Chimney Rock is located in the marine west coast climate zone of western North America. Most weather fronts originate in the Pacific Ocean, and travel northeast toward the Cascade Mountains. As fronts approach, they are forced upward by the peaks of the Cascade Range, causing them to drop their moisture in the form of rain or snowfall onto the Cascades (Orographic lift). As a result, the west side of the Cascades experiences high precipitation, especially during the winter months in the form of snowfall. During winter months, weather is usually cloudy, but, due to high pressure systems over the Pacific Ocean that intensify during summer months, there is often little or no cloud cover during the summer. Because of maritime influence, snow tends to be wet and heavy, resulting in avalanche danger.

==Geology==
The Alpine Lakes Wilderness features some of the most rugged topography in the Cascade Range with craggy peaks and ridges, deep glacial valleys, and granite walls spotted with over 700 mountain lakes. Geological events occurring many years ago created the diverse topography and drastic elevation changes over the Cascade Range leading to the various climate differences. These climate differences lead to vegetation variety defining the ecoregions in this area. The elevation range of this area is between about 1000 ft in the lower elevations to over 9000 ft on Mount Stuart.

The history of the formation of the Cascade Mountains dates back millions of years ago to the late Eocene Epoch. With the North American Plate overriding the Pacific Plate, episodes of volcanic igneous activity persisted. In addition, small fragments of the oceanic and continental lithosphere called terranes created the North Cascades about 50 million years ago.

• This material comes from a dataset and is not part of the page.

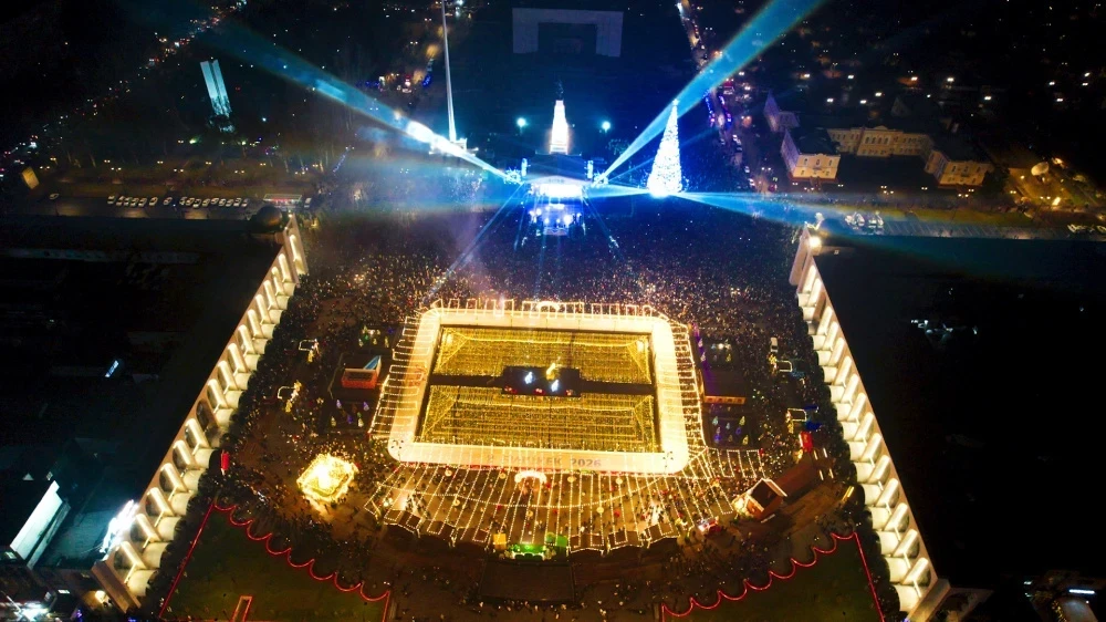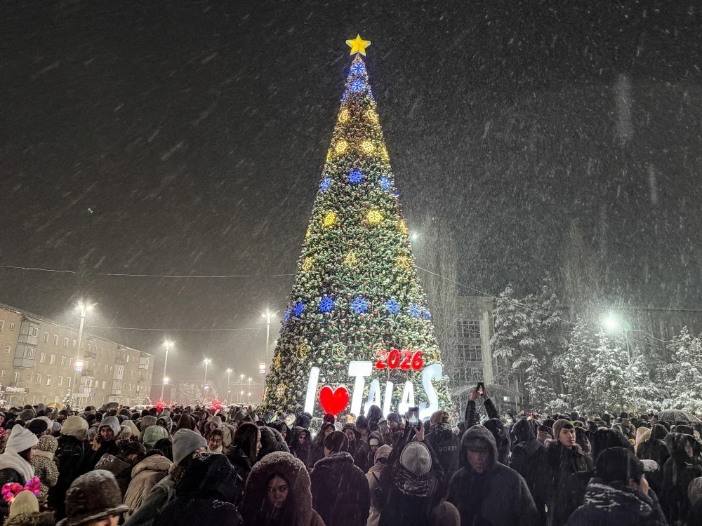 В Таласе новогодняя елка была торжественно открыта вместе с отреставрированной центральной площадью, и выпавший снег добавил волшебства к этому событию.Ошская новогодняя красавица

During the Pleistocene period dating back over two million years ago, glaciation advancing and retreating repeatedly scoured the landscape leaving deposits of rock debris. The last glacial retreat in the Alpine Lakes area began about 14,000 years ago and was north of the Canada–US border by 10,000 years ago. The U-shaped cross section of the river valleys is a result of that recent glaciation. Uplift and faulting in combination with glaciation have been the dominant processes which have created the tall peaks and deep valleys of the Alpine Lakes Wilderness area.